China must curb its appetite for ‘Wild Taste’


At Lang Son, a northern Vietnamese town on the Chinese border, I watched as hundreds of Vietnamese carried baskets of monkeys, pangolins, snakes, and a variety of exotic birds in rattan cages. On the way back, their baskets held electric fans, water pumps, rice cookers, farm tools, TVs, VCRs, jeans, and T-shirts.

As one young man put it, “I can always sell forest animals to China. They buy everything we have. They have a big appetite for wild taste.”

In China, these forest creatures are transformed into pills and powders, soups and stews, and traditional medicine sold at specialty shops. The penchant for “ye wei”—literally, “wild taste”—is seemingly unstoppable.

Ye wei not only depletes the forest of animals, but causes diseases. Severe Acute Respiratory Syndrome (SARS), which killed hundreds of people in China and left 5,300 Chinese sick with pneumonia earlier this year (and nearly brought China to an economic standstill) is believed by scientists to be linked to the civet cat—a favorite Chinese ye wei dish, usually served in a stew.

China can put a man in orbit while boasting a nine percent economic growth rate, but it cannot control its own people’s appetite. Last August, the Chinese Forestry Commission lifted a four-month ban on the trade and consumption of exotic wild animals, despite warnings from the World Health Organization (WHO). China included one stipulation: all of the 54 exotic species the Chinese are again allowed to eat, including the civet, must be farm-raised, not caught in the wild. But differentiating between a farm-raised forest animal and a captured one in China is difficult, and China’s porous southern border ensures a steady flow of fresh exotic meat.

Overall statistics on the amount of wildlife being eaten are not known, but there are some local guesses. The China Wildlife Conservation Association estimates that in Guangdong province alone, 50 tons of wild frogs, 1,000 tons of snakes, and several thousand tons of wild birds are consumed in stores and restaurants each year, not to mention badgers, bats, pangolins, and other mammals.
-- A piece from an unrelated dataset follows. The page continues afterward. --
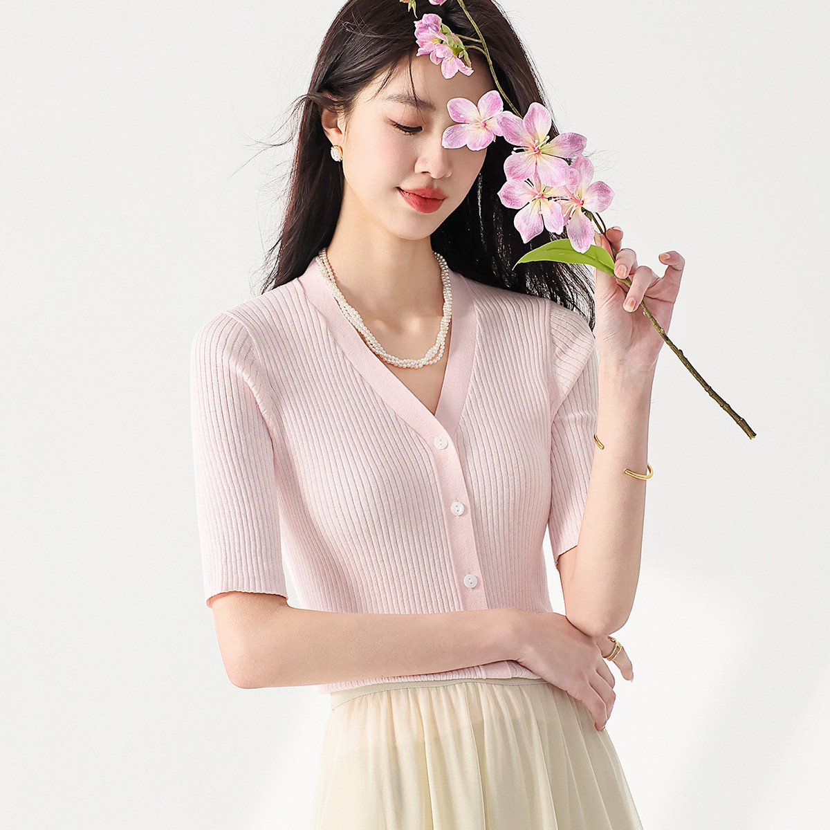 夏款透气纯色坑条V领短袖桑蚕丝针织杉女开衫修身T恤外套空调衫 206739

Wild taste is valued for its increasing rarity, and because of an old belief system that holds that consuming wild animals is healthy, strengthening virility and the immune system. But ye wei can also be a vector for deadly diseases like Ebola, AIDS, and now SARS, all of which are suspected to have originated among people who ate or handled bush animals.
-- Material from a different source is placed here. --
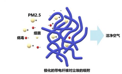 通常在熔噴布的生產(chǎn)過程中會(huì)駐極處理,讓無紡布帶上更多靜電,具有靜電吸附作用。靜電吸附是指當(dāng)過濾材料的纖維帶電時(shí),通過荷電纖維的庫侖力實(shí)現(xiàn)對(duì)粉塵細(xì)菌病毒的捕獲。

Odd that the fanciful Chinese longing for wild taste is so enormous in a country otherwise known for its practicality. But for humans, practicality goes out the window when it comes to eating habits. According to Jared Diamond in his book Guns, Germs and Steel, an acre of land can feed 10 to 100 times more people through farming than through hunting and gathering. Wild animals that haven’t already been tamed thousands of years ago, Diamond says, will not be tamed now, because of their relatively low nutritional value compared to the time and resources necessary for domestication.
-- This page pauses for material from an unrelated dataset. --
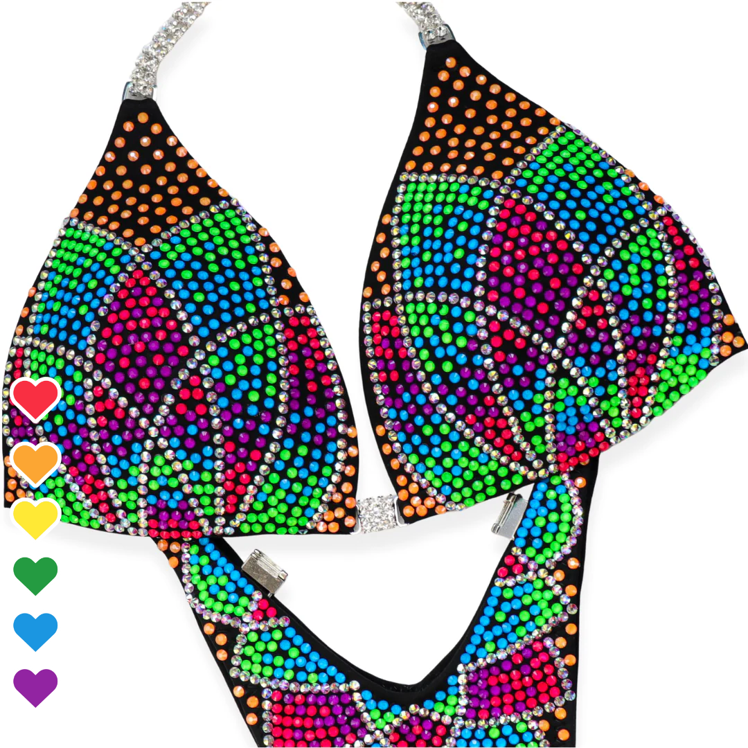 Ignite your stage presence with the Crystal Phoenix, a dazzling crystallized competition bikini designed for NPC bikini competitions. This suit’s intricate crystal pattern in fiery hues of red and orange radiates strength and confidence, accentuating every detail of your physique for a striking impact under the spotlight. Built for the serious bikini bodybuilding competitor, the Crystal Phoenix is a bold, unforgettable choice that ensures you’ll command attention and exude unstoppable confidence.

Ye wei, then, is a culture of nostalgia, a way of life born of necessity long ago and showing renewed vigor in a modernizing China. Those monkeys sitting on the Vietnamese porters’ backs are there because a growing army of nouveaux riches with disposable income want them. A pound of civet cat sells for around $6, or 10 percent of an average worker’s monthly salary; monkey meat brings three times more.

I once sat on a stool made from the leg of an elephant in a rich Chinese merchant’s home in Hong Kong. The man was terribly proud that he could afford such a thing. The perverse décor made me shift uneasily in my seat. I liked the man: He was genuinely warm. But I fear he typifies the sentiment of this region, one that says, “If this is the last tiger penis, I should own it, make a soup out of it and drink it with my friends.” His lifestyle is not only detrimental to wildlife, but, with SARS threatening an encore performance, to his own health as well.

—Andrew Lam is an editor at Pacifiic News Service.